» PROBLEM DESCRIPTION
Working from the data below, write out exactly the lines from its first through the line that contains "Щетки для уборки", both ends included and pictures omitted.

» EXERCISE DATA
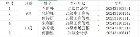 为充分发挥易班平台在学生思想引领、学风建设及校园文化传播中的重要作用,鼓励我院学生积极参与易班网络社区建设,营造健康向上的网络育人氛围,根据《经济管理学院本科学生综合素质评定表(2025版)》,经个人申报、班级推荐、学院易班工作站审核及综合评议,现确定2025年9月、10月“易班之星”人选,具体名单公示如下:
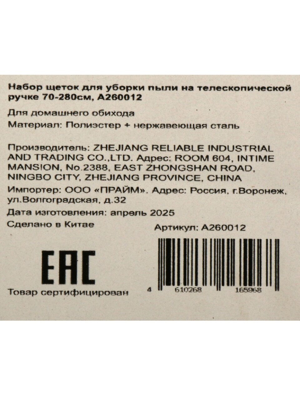 Щетки для уборки пыли на телескопической ручке 70-280 см A260012 — легкое решение для чистоты в труднодоступных местах. Удобно, быстро, без лишних усилий!
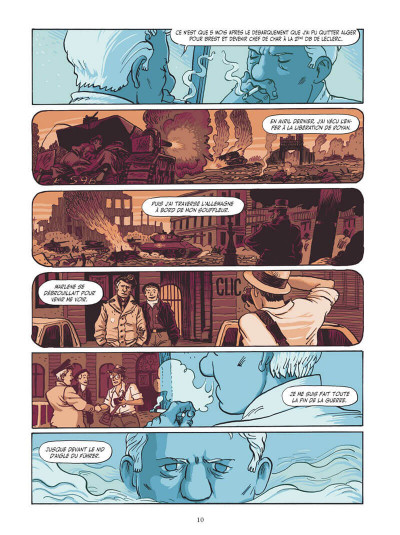 L’histoire débute au milieu de la seconde guerre mondiale. Par conséquent, l’utilisation du flash-back devient impératif pour raconter la vie d’une personne. Les évènements à raconter dans la vie de Jean Gabin ne manquent pas, aussi bien au niveau de sa famille, de son travail que du point de vue amoureux. L’enfance n’a pas été si heureuse entre le déracinement à la terre, la mort de sa mère, l’obligation de faire des études supérieures… Sa voix, il va la trouver tout en gardant en tête de revenir un jour à la terre. Les affres du cinéma ne lui font pas oublier d’où il vient. Pour les femmes, c’est une autre histoire, car il a les officiels, celles qu’il épouse et celle avec qui il couche. La fidélité reste un concept hors du temps et de la réalité. D’ailleurs, en parlant de temps, Vincenzo Bizzarri joue assez bien avec ce dernier en jouant avec les teintes. Impossible de se perdre sur le moment. Du marron avec des cases aux bords arrondis pour le passé, des cases en bleu pour l’acteur jeune et les teintes plus classiques pour l’homme sur la fin de carrière. Le dessinateur coloriste joue avec les nuances de bleu ce qui est très ingénieux. Un choix pertinent de teinte au vu du titre « L’Homme aux yeux bleus ». Un atout qui a toujours servi au comédien. La dualité des teintes vient également quand l’homme passe aux souvenirs. Les trois entités entrent en discussion et en accord. Le dessinateur propose une approche très réaliste des personnalités que l’on peut pour la plupart identifier. Ceux qui ont connu cette époque pourront jouer à trouver les noms. Toutefois cela n’est nullement un ouvrage réservé à un public sénior qui a baigné dans les films français en noir et blanc. L’ouvrage rend hommage à un artiste qui a marqué les mémoires. Chaque année, la télévision rediffuse aussi ces films qui sont le symbole du cinéma français d’une autre époque. Noël Simsolo va s’intéresser aussi bien à l’homme qu’à l’artiste. On découvre qu’il était très proactif dans les films à faire ainsi que dans le choix des actrices. Le hasard n’était pas vraiment ce qu’il recherchait. L’important repose toujours sur le travail effectué avec sérieux et investissement. Le duo à la plume et à l’image a réalisé un ouvrage qui devrait séduire autant les fans que les néophytes. En plus, à la fin on retrouve l’ensemble des productions que cela soit en disque, au théâtre et bien entendu sur 47 année en lien avec le 7ème art. Vous risquez d’avoir envie de voir ou revoir des éléments de sa filmographie.
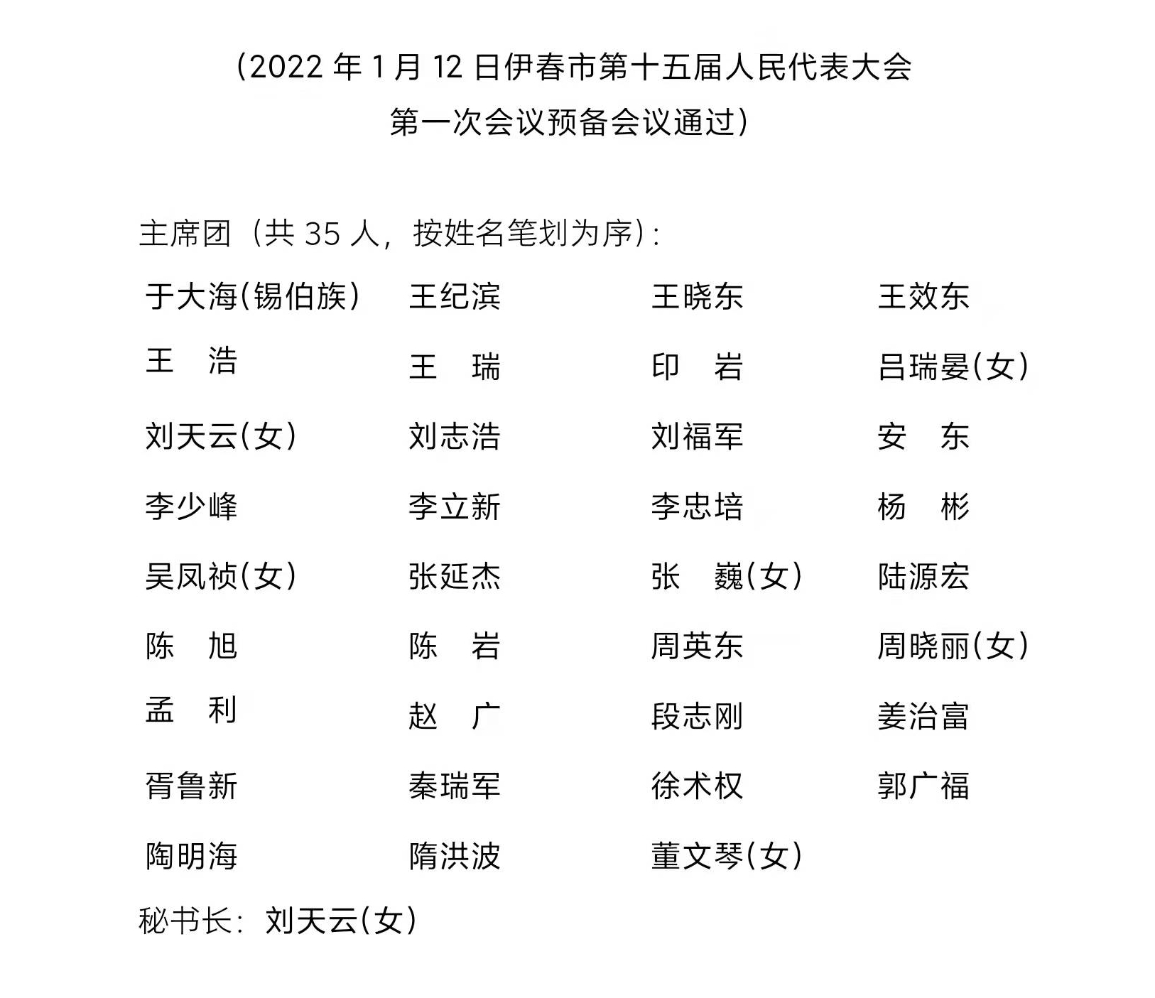 伊春市第十五届人民代表大会第一次会议主席团和秘书长名单
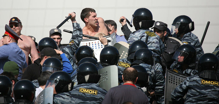 Раз в несколько лет омоновцы дрались с футбольными фанатами. Вот несколько классических примеров.
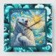 Grateful Whimsical Polar Bear Faux Stained Glass Square Wall Clock
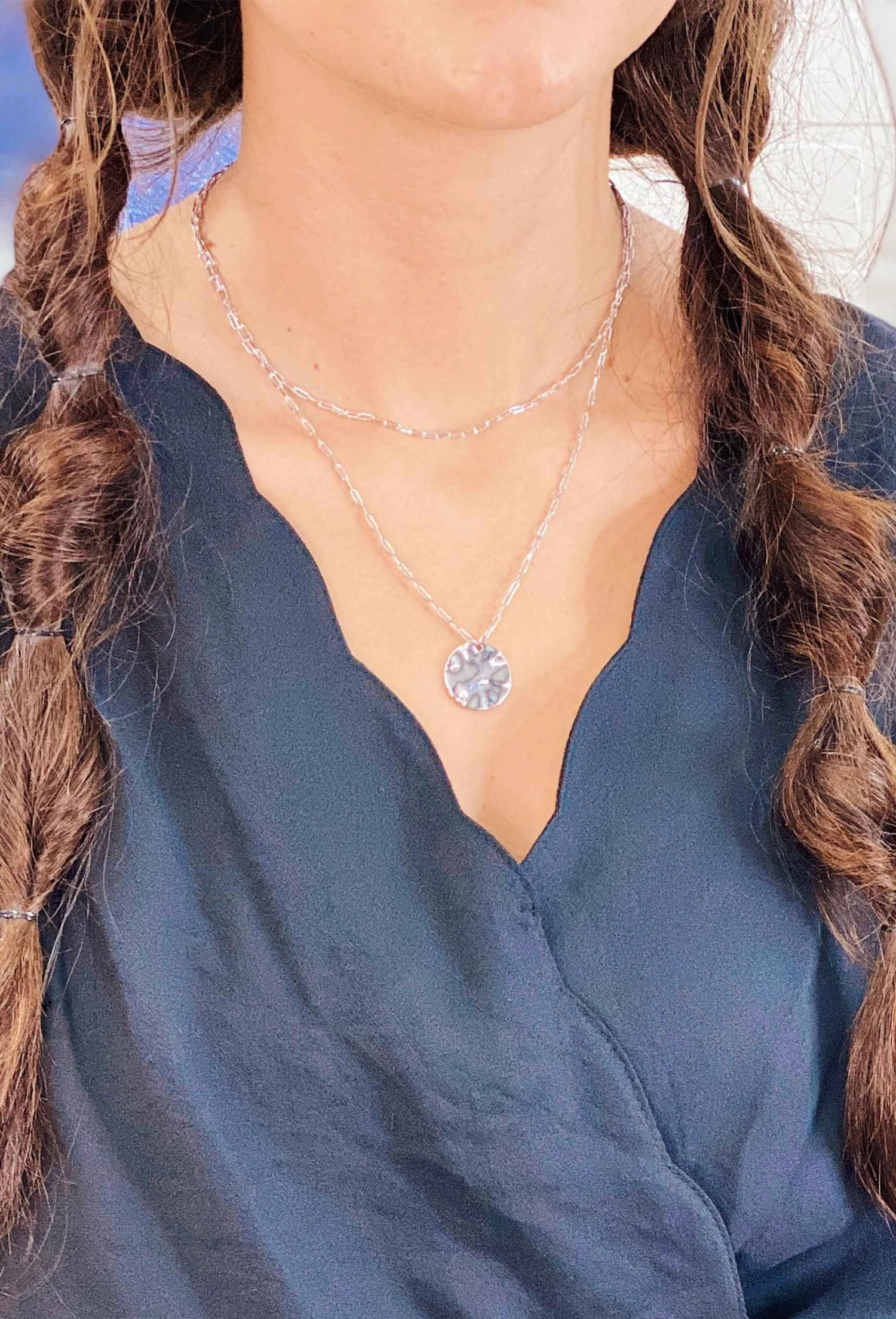 Love the layered look? Instead of searching high and low for a pair of necklaces that work perfectly together, try this clever all-in-one style. Instant chic! Countless style options are available to you when you have this must-have necklace. It’s the perfect finishing touch to your street-style look. Enjoy two necklaces in one! Featuring two dainty chains with coin detail.
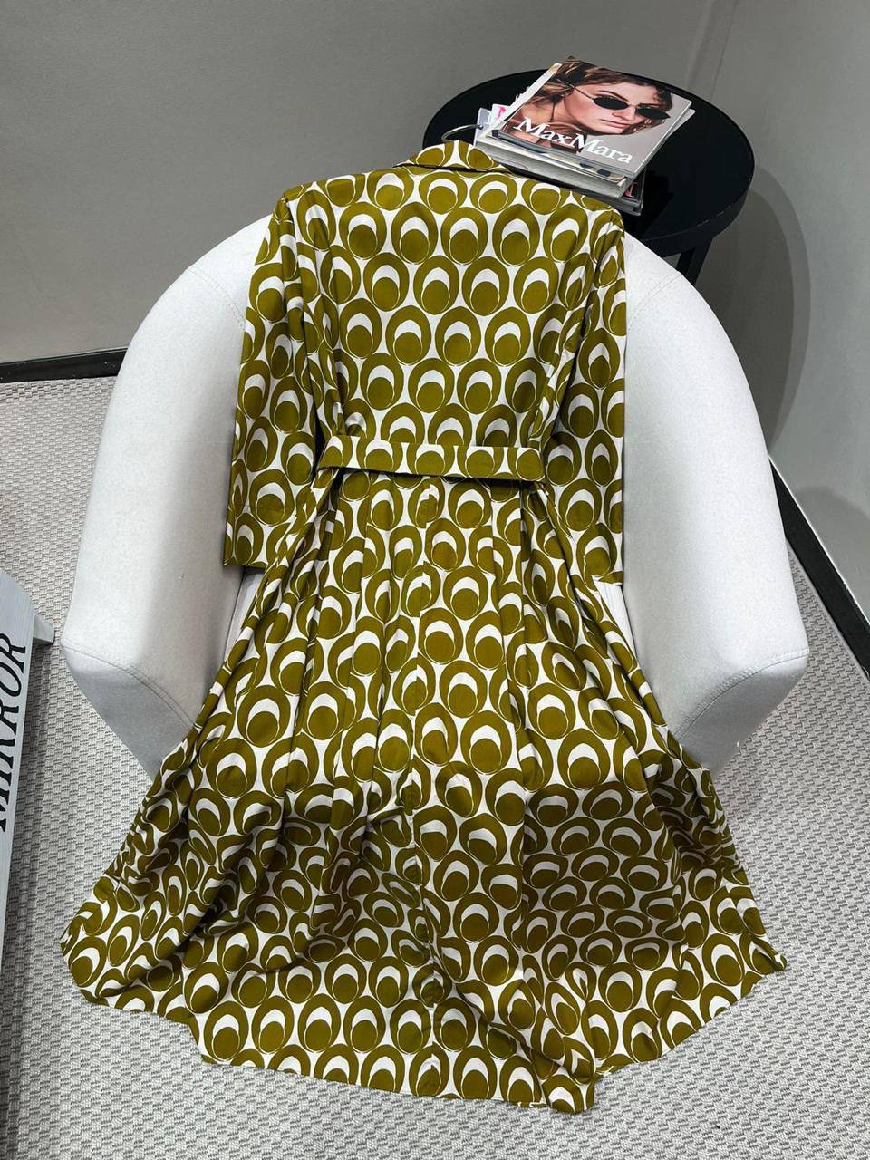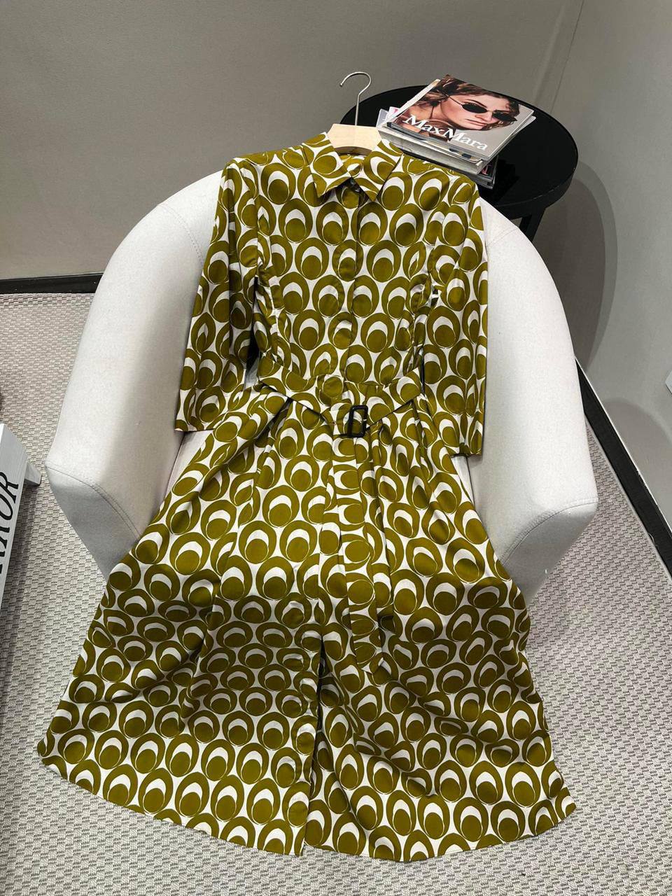 Платье Max Mara LUX-107634 - это стильное платье в ретро-стиле с ярким принтом. Платье выполнено в оливковом цвете с геометрическим узором, имеет длинные рукава и пояс, подчеркивающий талию. Идеально подойдет для создания эффектного образа в повседневной жизни или на мероприятии.

» EXPECTED OUTPUT
 为充分发挥易班平台在学生思想引领、学风建设及校园文化传播中的重要作用,鼓励我院学生积极参与易班网络社区建设,营造健康向上的网络育人氛围,根据《经济管理学院本科学生综合素质评定表(2025版)》,经个人申报、班级推荐、学院易班工作站审核及综合评议,现确定2025年9月、10月“易班之星”人选,具体名单公示如下:
 Щетки для уборки пыли на телескопической ручке 70-280 см A260012 — легкое решение для чистоты в труднодоступных местах. Удобно, быстро, без лишних усилий!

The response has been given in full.